Quand je regarde ses récentes photographies, quand je le vois à la télévision, je doute que ce soit lui. Qu’y a-t-il de commun entre ce personnage officiel et celui que j’ai connu ? On a beaucoup écrit sur ses métamorphoses et on écrira encore. Je me contenterai d’évoquer ce Malraux des années trente, mince, nerveux romantique, fascinant, et de rapporter certains de ses propos.

On voit bien ici quel rôle la « notoriété préalable » ( voir Lottman et Cau sur ce site), acquise avec l’affaire du procès en Indochine, joue dans la fascination qu’il exercait.
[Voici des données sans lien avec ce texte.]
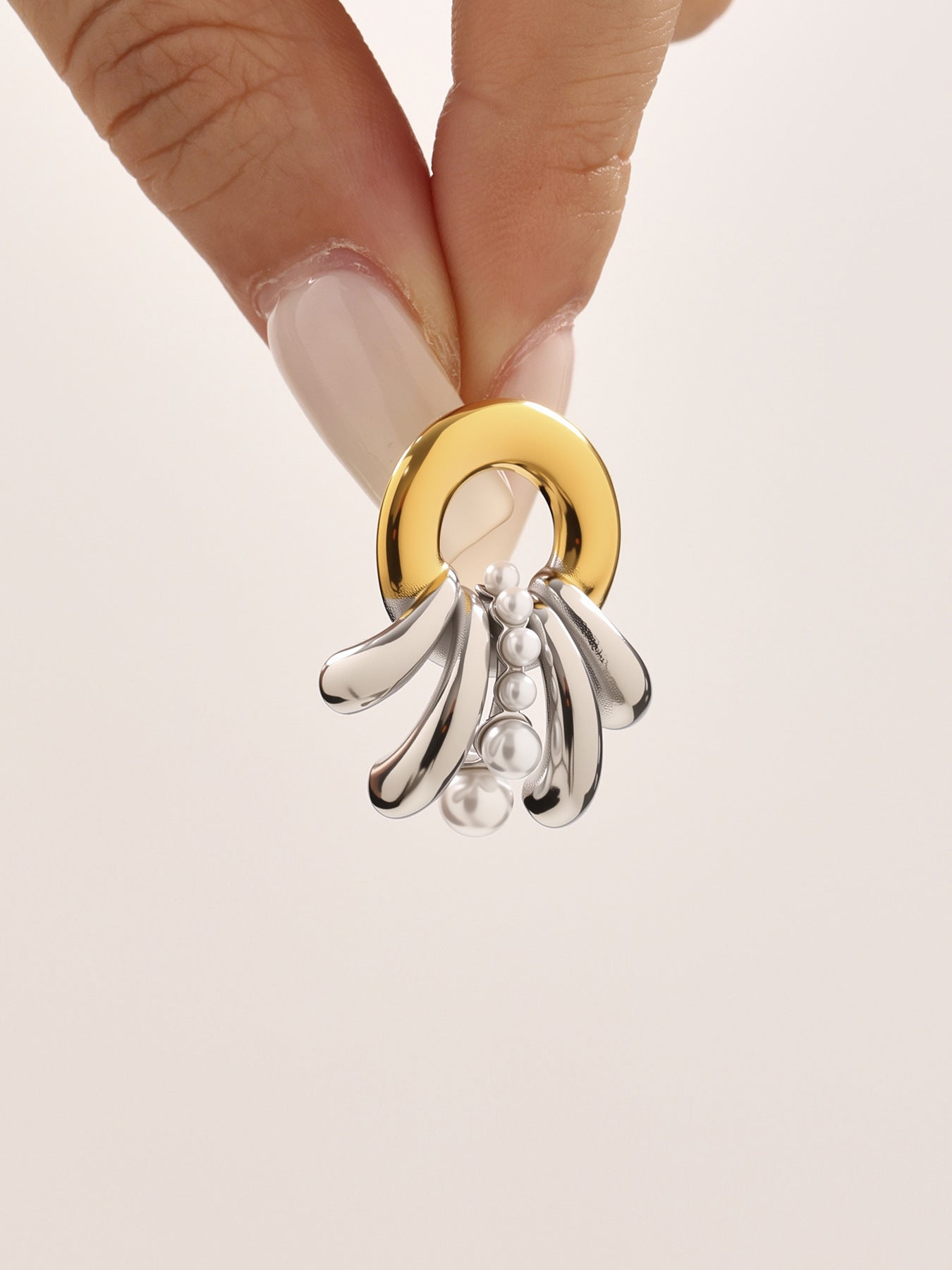 Planderful French bead multi-layer earrings from the Everyday Genie collection. These light luxury niche-design stud earrings are crafted in stainless steel that does not fade, offering enduring shine with a minimalist, modern silhouette.

Il ne manquait d’ailleurs pas de l’entretenir (p. 52) : Il me racontait son expédition au Cambodge, sa marche à travers la forêt suivant un chemin qui l’obligeait à traverser des zones dissidentes, sa découverte de temples khmers, sa redescente vers Pnom Penh, son arrestation, son procès, sa condamnation… c’était de l’inédit pour moi, j’étais émerveillée par la richesse de cette jeune vie, pas tellement plus longue que la mienne. Et que ses récits soient douteux n’y changeait rien (p. 51) : Qu’importe qu’il m’ait souvent menti, qu’il n’ait jamais étudié le sanscrit à Oxford où il prétendait être resté dix-huit mois, qu’il se soit servi avec moi du compliment employé sans doute avec toutes celles qu’il voulait impressionner : « Vous êtes la femme la plus intelligente que je connaisse ».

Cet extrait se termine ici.